> _TASK ITEM_:
Look for the line that has "公园位于罗定市的生江镇及素龙" in the material below; please repeat it and every line after it, exactly, up to and including the line that has "Outside, enjoy relaxing", and nothing else.
Top of RECORDED DATA
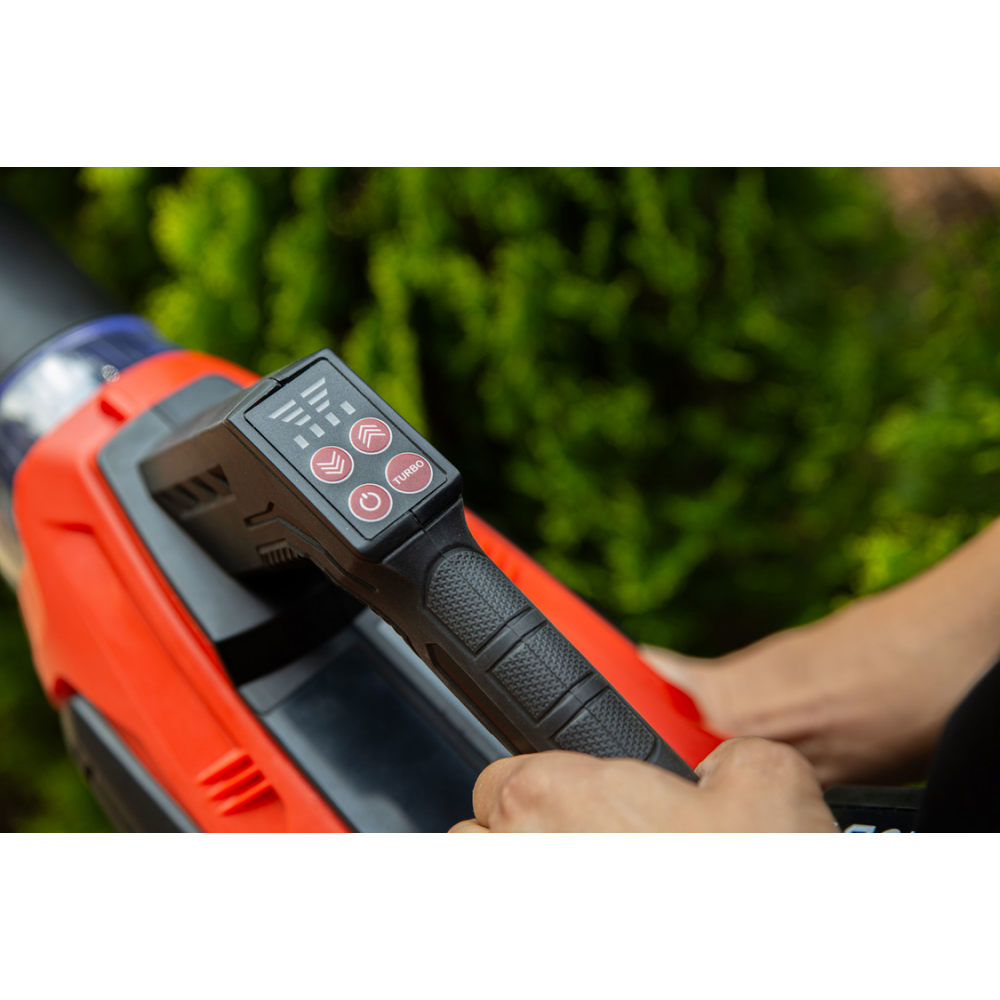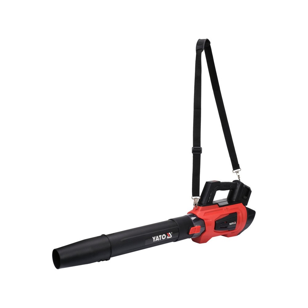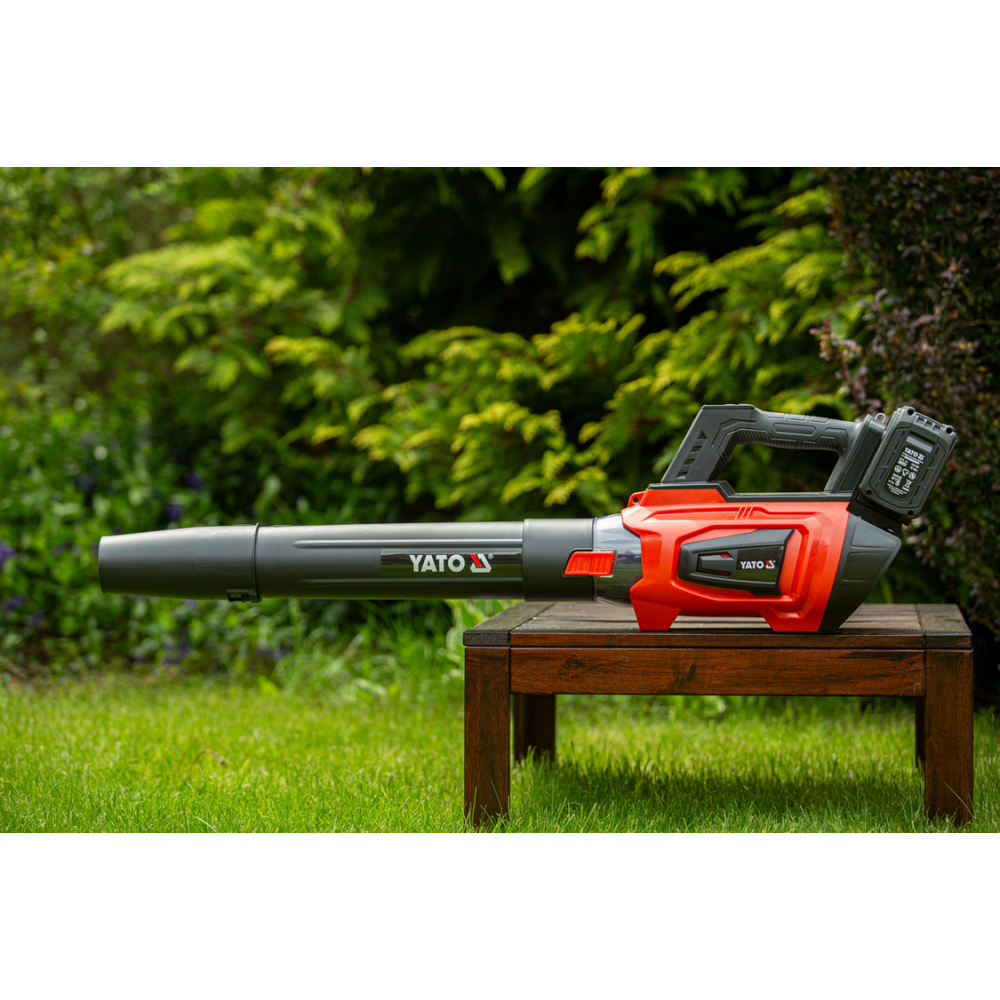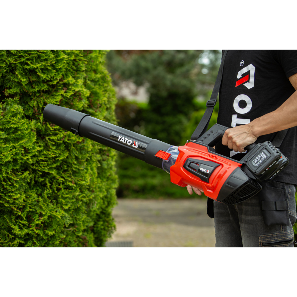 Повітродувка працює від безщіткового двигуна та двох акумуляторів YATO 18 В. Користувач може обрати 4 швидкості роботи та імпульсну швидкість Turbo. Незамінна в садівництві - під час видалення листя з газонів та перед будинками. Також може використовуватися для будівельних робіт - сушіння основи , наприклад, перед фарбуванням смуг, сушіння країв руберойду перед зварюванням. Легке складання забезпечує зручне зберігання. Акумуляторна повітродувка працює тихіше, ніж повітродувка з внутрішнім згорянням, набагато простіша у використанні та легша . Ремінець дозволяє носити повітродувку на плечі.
Bottom of RECORDED DATA
Top of RECORDED DATA
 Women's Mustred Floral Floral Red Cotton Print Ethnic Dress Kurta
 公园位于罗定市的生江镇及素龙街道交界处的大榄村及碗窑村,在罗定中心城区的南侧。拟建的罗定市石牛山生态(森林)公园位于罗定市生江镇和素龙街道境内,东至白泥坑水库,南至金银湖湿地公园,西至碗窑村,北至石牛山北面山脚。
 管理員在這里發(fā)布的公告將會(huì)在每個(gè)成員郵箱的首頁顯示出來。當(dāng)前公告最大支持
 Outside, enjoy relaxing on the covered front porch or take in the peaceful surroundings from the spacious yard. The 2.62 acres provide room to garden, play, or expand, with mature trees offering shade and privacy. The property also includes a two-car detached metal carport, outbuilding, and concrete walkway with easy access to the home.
Bottom of RECORDED DATA
> _TASK RESULT_:
 公园位于罗定市的生江镇及素龙街道交界处的大榄村及碗窑村,在罗定中心城区的南侧。拟建的罗定市石牛山生态(森林)公园位于罗定市生江镇和素龙街道境内,东至白泥坑水库,南至金银湖湿地公园,西至碗窑村,北至石牛山北面山脚。
 管理員在這里發(fā)布的公告將會(huì)在每個(gè)成員郵箱的首頁顯示出來。當(dāng)前公告最大支持
 Outside, enjoy relaxing on the covered front porch or take in the peaceful surroundings from the spacious yard. The 2.62 acres provide room to garden, play, or expand, with mature trees offering shade and privacy. The property also includes a two-car detached metal carport, outbuilding, and concrete walkway with easy access to the home.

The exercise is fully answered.